El ser humano es un animal de costumbres y, por ello,
requiere de esa sensación de control que le permita percibir que todo a su alrededor
funciona tal y como se espera. La rutina, que tanto ha podido llegar a
agobiarnos en otros momentos de nuestra vida, aparece ahora como un elemento
fundamental sobre el que debemos intentar instaurar nuestras actividades
diarias.
Aquí van cinco consejos sencillos de seguir que van a
permitirnos recuperar en parte esa sensación de que las cosas siguen igual, que
todo parece estar en orden y controlado y que la situación ha dejado ya de
desbordarnos.
1. Compartimenta tu tiempo.
El primero de los consejos es probablemente el más
fundamental.
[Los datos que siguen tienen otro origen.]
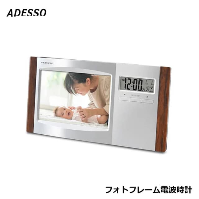 アデッソ フォトフレーム電波時計 日付表示 写真入れ フォトフレーム フォトクロック 置き時計 掛け時計 ADESSO MP-601 別料金にて名入れ対応可能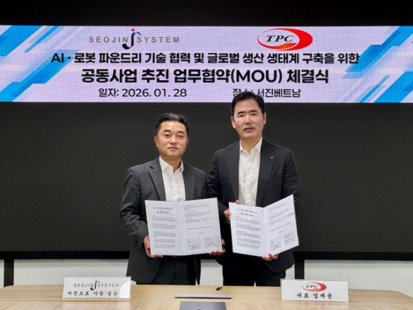 TPC메카트로닉스(TPC)는 28일 글로벌 제조플랫폼 기업인 서진시스템의 서진오토와 로봇 파운드리 및 생산 제조 물류 자동화를 포함한 인공지능(AI) 자율제조 분야에서 사업협력을 위한 전략적 업무협약(MOU)을 체결했다고 29일 밝혔다.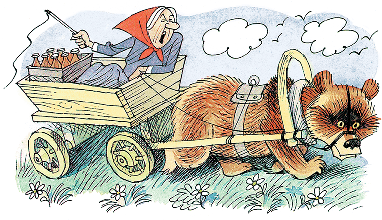 – …У моей бабушки в деревне ручной медведь живёт. Она его в телегу запрягает. Он её возит. И квас в сельпо доставляет. А сейчас зима. Он под бабушкиной кроватью спит. Весной его разбудят. Со всего района будильники соберут. Поедете к нам в деревню, сами увидите.
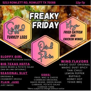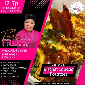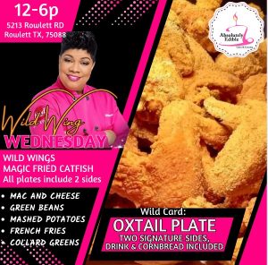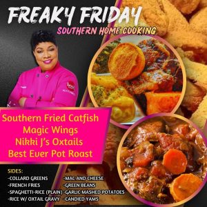 This year we are growing our Lunch and Dinner take out menu. Each Wednesday and Friday Nikki is opening the Catering Kitchen for delicious dinners such as Magic Chicken Wings and Catfish. Wild Cards are added on Fridays. Most Sundays of the Month are Soul Food Sundays. Be sure to check back each week to see what Nikki has on the menu! Sides and Mains subject to change and availability.
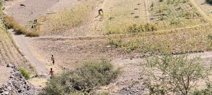 أراضٍ زراعية تأثرت بالجفاف في الموسم الزراعي ولم يحصد المزارعون منها شيئاً (ريف اليمن)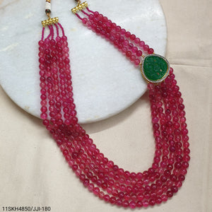 Elevate your style with this exquisite ruby beaded necklace set. Its intricate craftsmanship and regal charm make it the perfect statement piece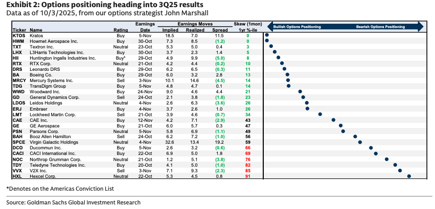 Goldman analysts led by Noah Poponak released their 3Q25 Aerospace & Defense (A&D) earnings preview that points to continued strength in commercial aerospace (both OEM and aftermarket) and defense technology, while warning about government IT (due to DOGE-related efforts) and some defense hardware names.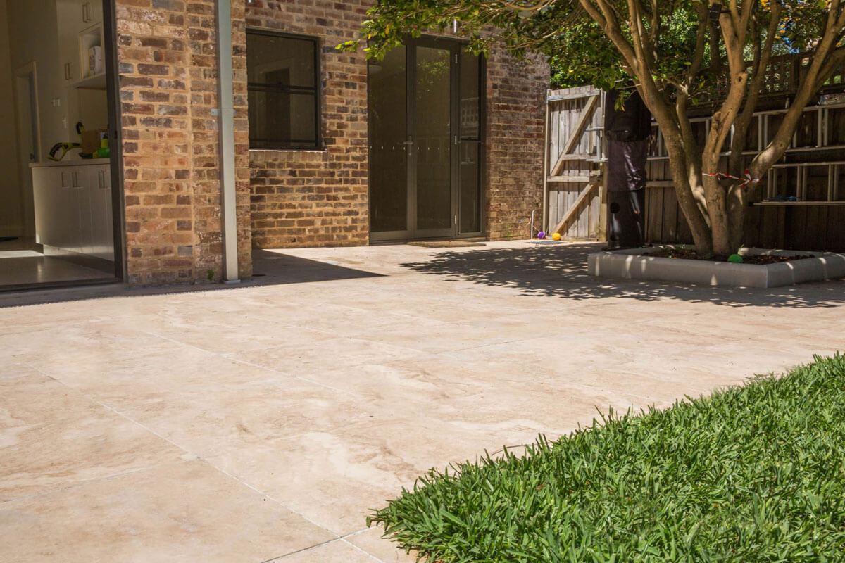 Tuscany Travertine Porcelain Pavers, resembling honed or filled travertine, are a beautiful choice for any outdoor paving areas. With caramel tones and light streaks, these porcelain pavers are easy on eyes and soft on the feet! These Structural Porcelain Pavers have a heavy break load (they’re extremely durable) and don’t require sealing. If you ever wanted Travertine Pavers but were always worried about having permanent stains, then this product is the ideal alternative for you. Tuscany Porcelain Structural Travertine Pavers are great for all landscape projects and are great at hiding dirt. If glare is a concern, rest assured, our Tuscany Travertine Porcelain Pavers are easy to look at, even on the brightest of days.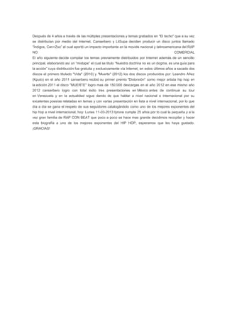 Este documento presenta una biografía del rapero venezolano Tyrone González Orama, conocido como "Canserbero". Nació en 1988 en Caracas y se crio en Maracay, donde comenzó a interesarse por la música a los 11 años. Formó varios grupos de rap como "Códigos de Barrio" y se unió al colectivo "Basyco", ayudando a establecer el género del "Rap conciencia" en Venezuela. Ha lanzado varios discos en solitario que han tenido éxito nacional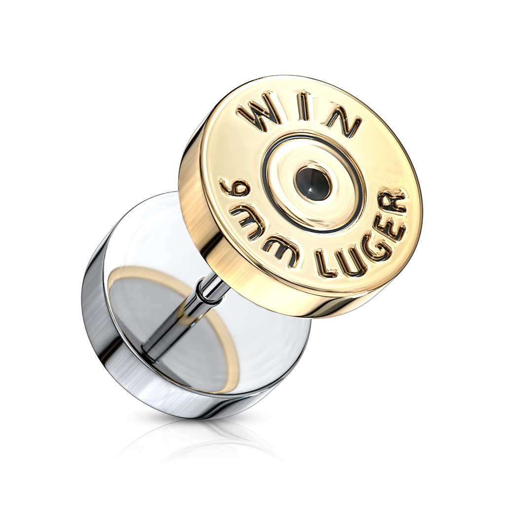 Quello che vedi qui è plug fake con disegnato il retro di una cartuccia. La ragione per cui parliamo di un plug fake è che lo puoi indossare in un piercing standard, ovvero di 1,2 mm, senza bisogno di alcuna dilatazione. Non è proprio possibile vedere la differenza tra un vero plug e questo, una volta indossato! Il diametro è di 10 mm, misura che serve a rendere il testo ben visibile, come su una vera cartuccia - non sarebbe così cool senza il testo.

El estar en casa todo el tiempo nos genera la tendencia a que el
tiempo se difumine y no sepamos ni la hora que es ni el día en el que vivimos.
Utiliza un horario visible que defina con claridad qué horas vas a dedicar a qué y trata de seguirlo todo lo que sea posible.
Divide el tiempo de trabajo y de ocio y trata de diferenciarlos incluso en sitios distintos de la casa: uno para el despacho / otro para el resto de tu día. Si no puedes, cambia la configuración de tu despacho cuando hayas terminado de trabajar/estudiar.
El objetivo es enviar la señal al cerebro de que hemos “acabado” con el trabajo y estamos “empezando” con el tiempo libre y se ha definido una frontera temporal para eso.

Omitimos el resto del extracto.